* [PROBLEM STATEMENT]:
Your output should be the exact lines from the start of the data through the line containing "更严重的是,生活在池塘的鸭子", with no pictures.

Source data

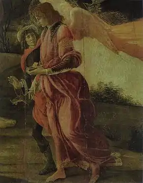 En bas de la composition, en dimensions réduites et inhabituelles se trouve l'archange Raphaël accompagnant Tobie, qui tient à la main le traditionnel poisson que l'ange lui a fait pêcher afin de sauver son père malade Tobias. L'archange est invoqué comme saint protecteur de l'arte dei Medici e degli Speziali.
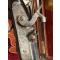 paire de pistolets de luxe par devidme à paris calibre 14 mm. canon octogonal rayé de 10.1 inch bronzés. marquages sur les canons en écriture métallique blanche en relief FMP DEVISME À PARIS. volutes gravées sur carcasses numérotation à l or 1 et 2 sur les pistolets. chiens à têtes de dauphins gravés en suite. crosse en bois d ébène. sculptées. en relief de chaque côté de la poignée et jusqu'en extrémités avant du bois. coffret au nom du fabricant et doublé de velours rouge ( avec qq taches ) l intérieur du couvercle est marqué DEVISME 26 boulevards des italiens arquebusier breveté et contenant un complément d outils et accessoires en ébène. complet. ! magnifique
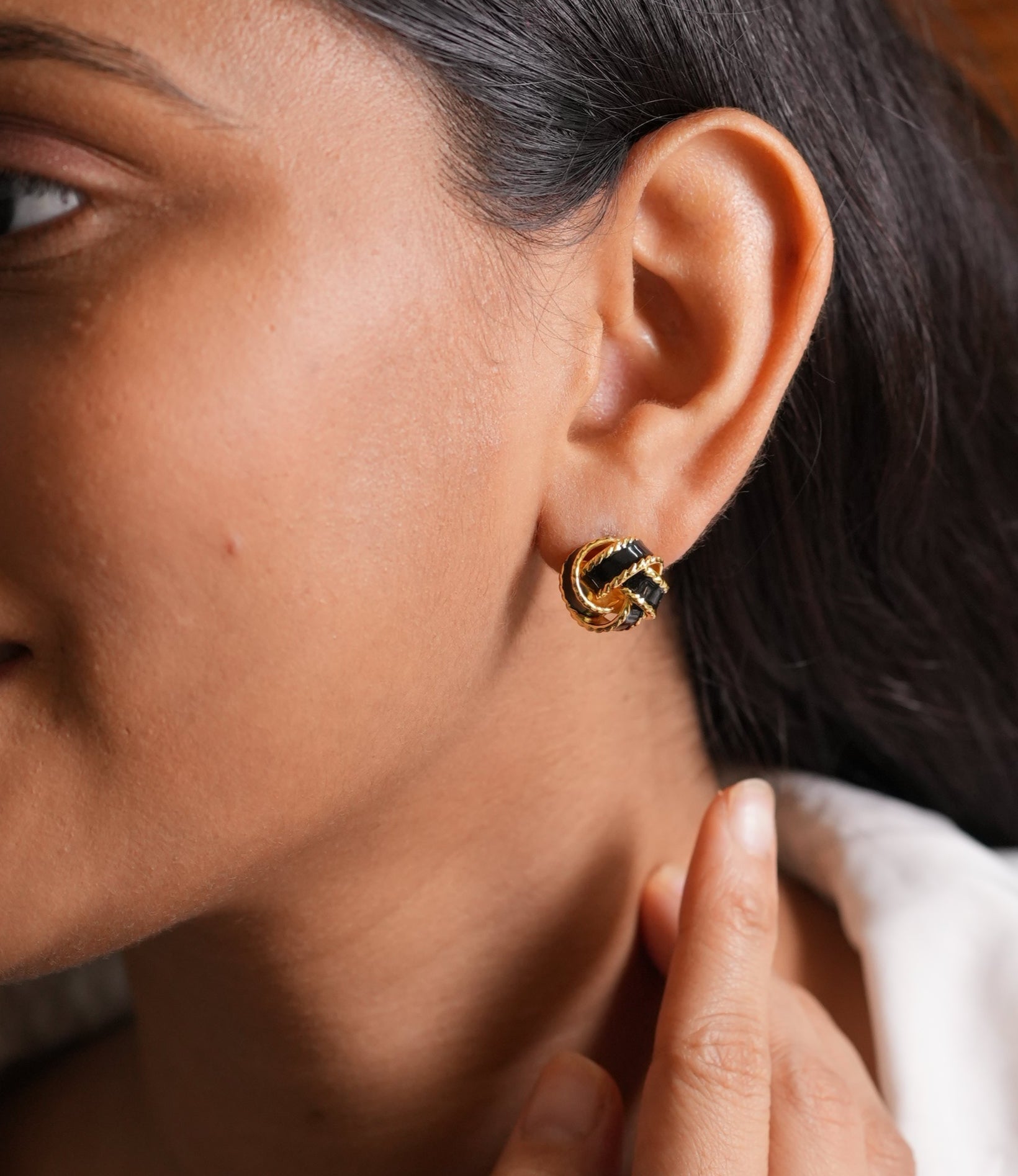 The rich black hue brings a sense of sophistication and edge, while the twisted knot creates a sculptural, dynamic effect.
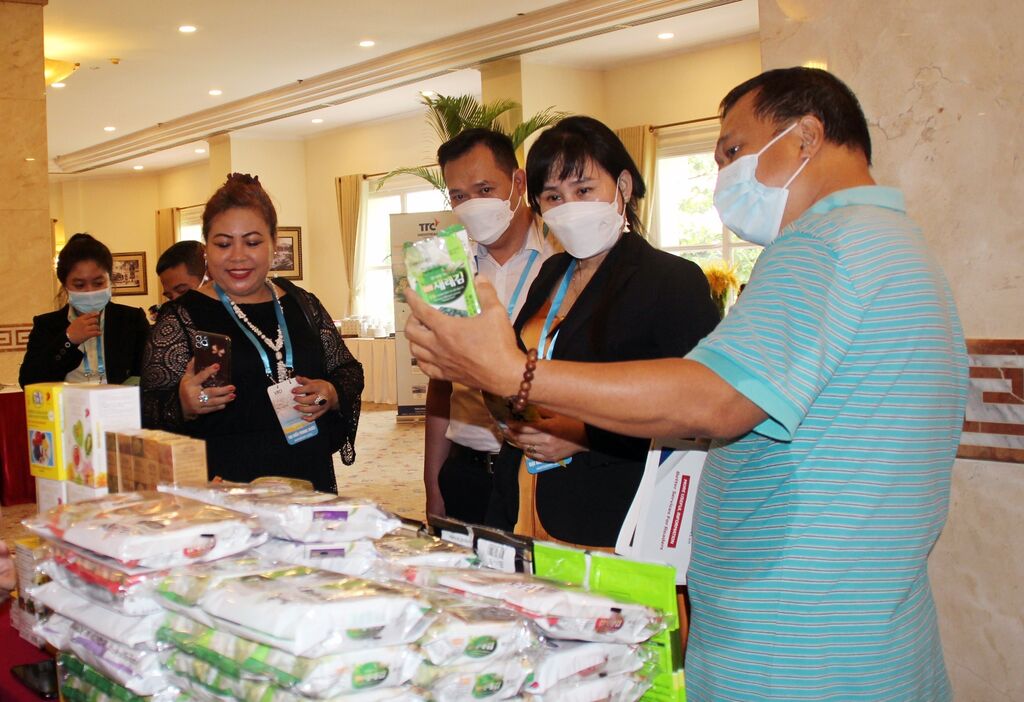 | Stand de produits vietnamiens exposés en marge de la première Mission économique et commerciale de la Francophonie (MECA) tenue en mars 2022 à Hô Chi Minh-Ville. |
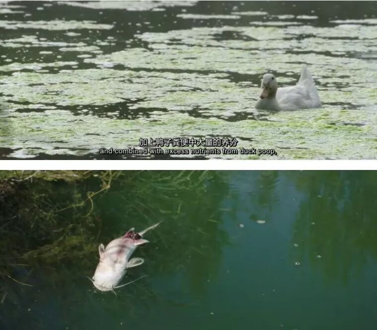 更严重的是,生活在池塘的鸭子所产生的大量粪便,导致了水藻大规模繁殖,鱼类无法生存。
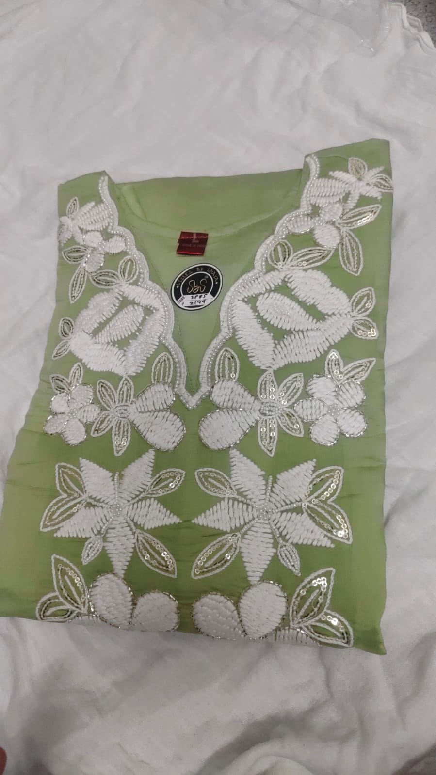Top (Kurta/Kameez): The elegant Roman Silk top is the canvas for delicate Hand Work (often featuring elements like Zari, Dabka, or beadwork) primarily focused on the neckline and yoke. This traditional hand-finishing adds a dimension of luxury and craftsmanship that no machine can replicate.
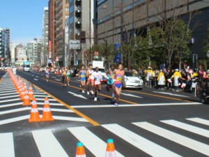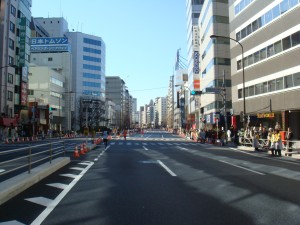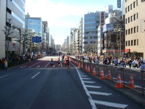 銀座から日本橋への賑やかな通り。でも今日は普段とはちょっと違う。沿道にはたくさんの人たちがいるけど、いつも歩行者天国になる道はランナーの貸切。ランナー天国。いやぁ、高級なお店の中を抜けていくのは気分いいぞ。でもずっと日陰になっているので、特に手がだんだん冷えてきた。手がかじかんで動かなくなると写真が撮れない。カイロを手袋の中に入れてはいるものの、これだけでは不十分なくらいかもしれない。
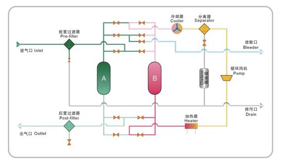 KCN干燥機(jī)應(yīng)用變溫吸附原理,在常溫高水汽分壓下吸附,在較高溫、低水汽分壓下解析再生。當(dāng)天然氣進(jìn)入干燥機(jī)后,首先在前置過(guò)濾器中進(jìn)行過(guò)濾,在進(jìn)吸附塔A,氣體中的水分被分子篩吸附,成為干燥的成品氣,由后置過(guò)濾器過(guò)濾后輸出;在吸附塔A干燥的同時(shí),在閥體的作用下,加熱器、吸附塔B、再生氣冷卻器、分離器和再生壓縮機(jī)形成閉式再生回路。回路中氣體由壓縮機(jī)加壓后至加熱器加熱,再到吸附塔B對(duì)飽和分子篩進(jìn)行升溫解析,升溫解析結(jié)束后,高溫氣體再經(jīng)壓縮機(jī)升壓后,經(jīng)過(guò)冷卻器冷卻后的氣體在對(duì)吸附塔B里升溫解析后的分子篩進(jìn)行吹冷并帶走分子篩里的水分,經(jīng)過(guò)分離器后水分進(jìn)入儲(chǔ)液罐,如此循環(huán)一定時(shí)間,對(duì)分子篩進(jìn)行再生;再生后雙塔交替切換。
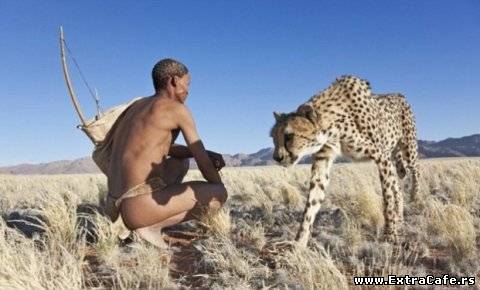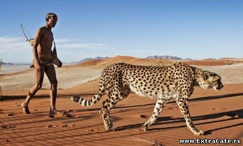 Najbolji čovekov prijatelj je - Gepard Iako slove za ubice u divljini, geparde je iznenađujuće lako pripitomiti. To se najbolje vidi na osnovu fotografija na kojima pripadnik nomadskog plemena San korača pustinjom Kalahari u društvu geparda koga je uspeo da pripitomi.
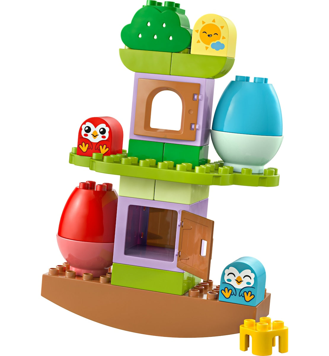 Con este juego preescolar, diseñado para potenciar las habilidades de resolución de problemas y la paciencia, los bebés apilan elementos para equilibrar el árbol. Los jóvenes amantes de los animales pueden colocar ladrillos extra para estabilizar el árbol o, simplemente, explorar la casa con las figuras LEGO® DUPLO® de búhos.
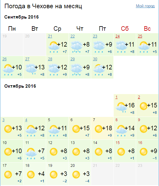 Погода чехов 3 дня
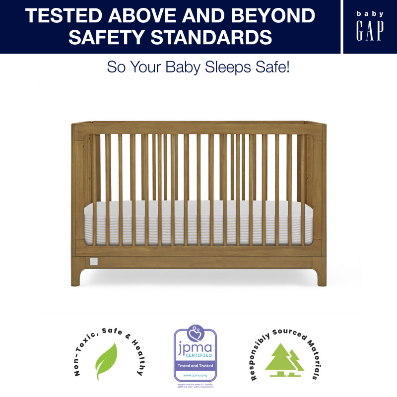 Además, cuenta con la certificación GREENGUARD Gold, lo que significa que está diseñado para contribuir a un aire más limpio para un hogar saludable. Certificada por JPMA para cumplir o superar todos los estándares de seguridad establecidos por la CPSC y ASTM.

* [YOUR RESPONSE]:
 En bas de la composition, en dimensions réduites et inhabituelles se trouve l'archange Raphaël accompagnant Tobie, qui tient à la main le traditionnel poisson que l'ange lui a fait pêcher afin de sauver son père malade Tobias. L'archange est invoqué comme saint protecteur de l'arte dei Medici e degli Speziali.
 paire de pistolets de luxe par devidme à paris calibre 14 mm. canon octogonal rayé de 10.1 inch bronzés. marquages sur les canons en écriture métallique blanche en relief FMP DEVISME À PARIS. volutes gravées sur carcasses numérotation à l or 1 et 2 sur les pistolets. chiens à têtes de dauphins gravés en suite. crosse en bois d ébène. sculptées. en relief de chaque côté de la poignée et jusqu'en extrémités avant du bois. coffret au nom du fabricant et doublé de velours rouge ( avec qq taches ) l intérieur du couvercle est marqué DEVISME 26 boulevards des italiens arquebusier breveté et contenant un complément d outils et accessoires en ébène. complet. ! magnifique
 The rich black hue brings a sense of sophistication and edge, while the twisted knot creates a sculptural, dynamic effect.
 | Stand de produits vietnamiens exposés en marge de la première Mission économique et commerciale de la Francophonie (MECA) tenue en mars 2022 à Hô Chi Minh-Ville. |
 更严重的是,生活在池塘的鸭子所产生的大量粪便,导致了水藻大规模繁殖,鱼类无法生存。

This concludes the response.